## Task directions
Please reproduce the listing below exactly, leaving out every picture.

## Exercise data

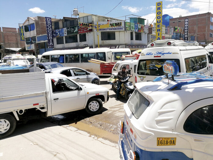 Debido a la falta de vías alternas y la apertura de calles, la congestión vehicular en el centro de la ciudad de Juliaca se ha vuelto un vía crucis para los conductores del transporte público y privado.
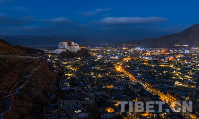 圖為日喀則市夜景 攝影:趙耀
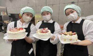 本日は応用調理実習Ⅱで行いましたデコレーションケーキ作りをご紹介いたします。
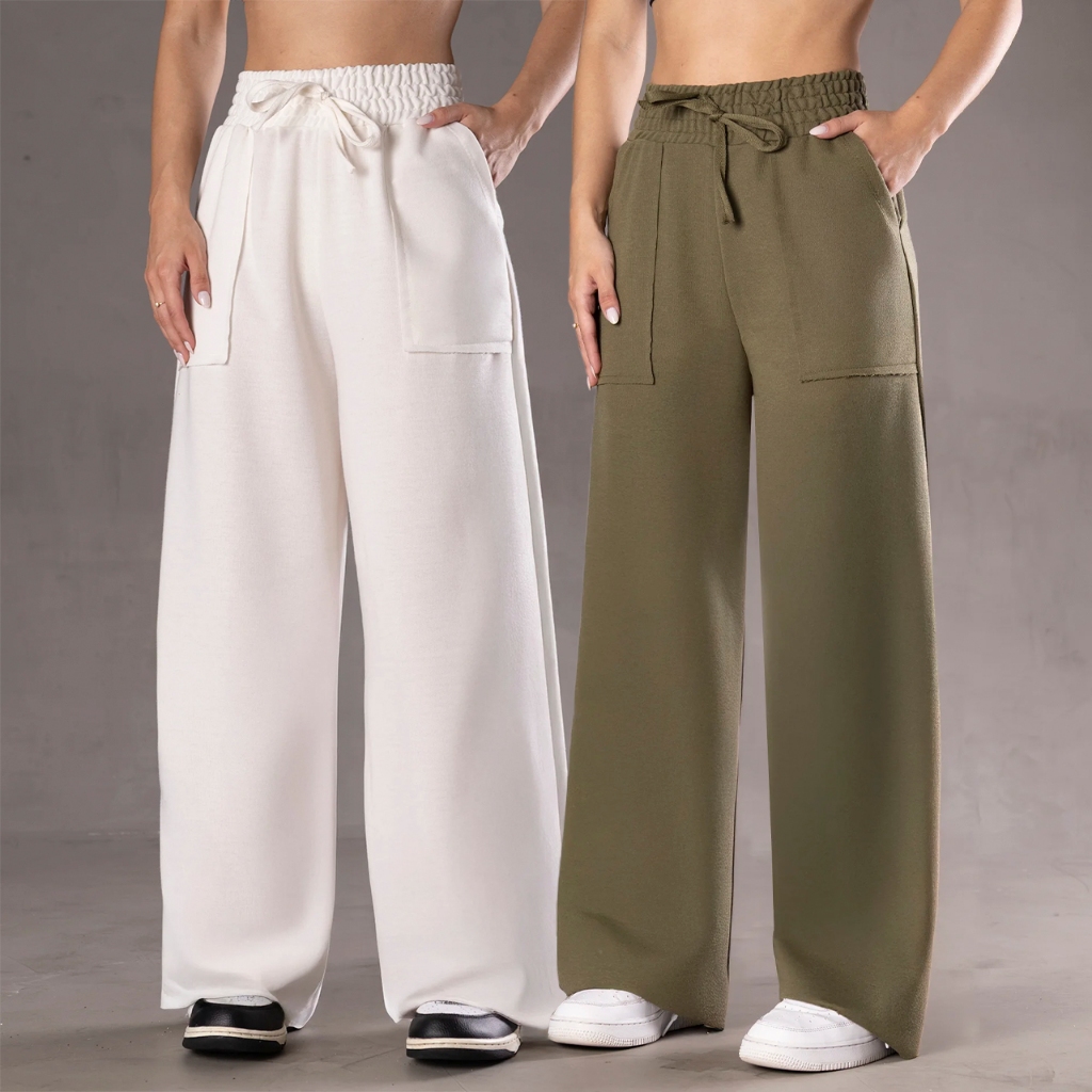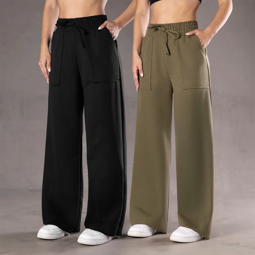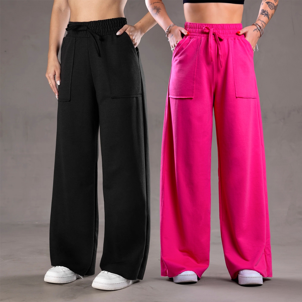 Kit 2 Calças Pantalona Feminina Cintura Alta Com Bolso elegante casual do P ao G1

## Task response
 Debido a la falta de vías alternas y la apertura de calles, la congestión vehicular en el centro de la ciudad de Juliaca se ha vuelto un vía crucis para los conductores del transporte público y privado.
 圖為日喀則市夜景 攝影:趙耀
 本日は応用調理実習Ⅱで行いましたデコレーションケーキ作りをご紹介いたします。
 Kit 2 Calças Pantalona Feminina Cintura Alta Com Bolso elegante casual do P ao G1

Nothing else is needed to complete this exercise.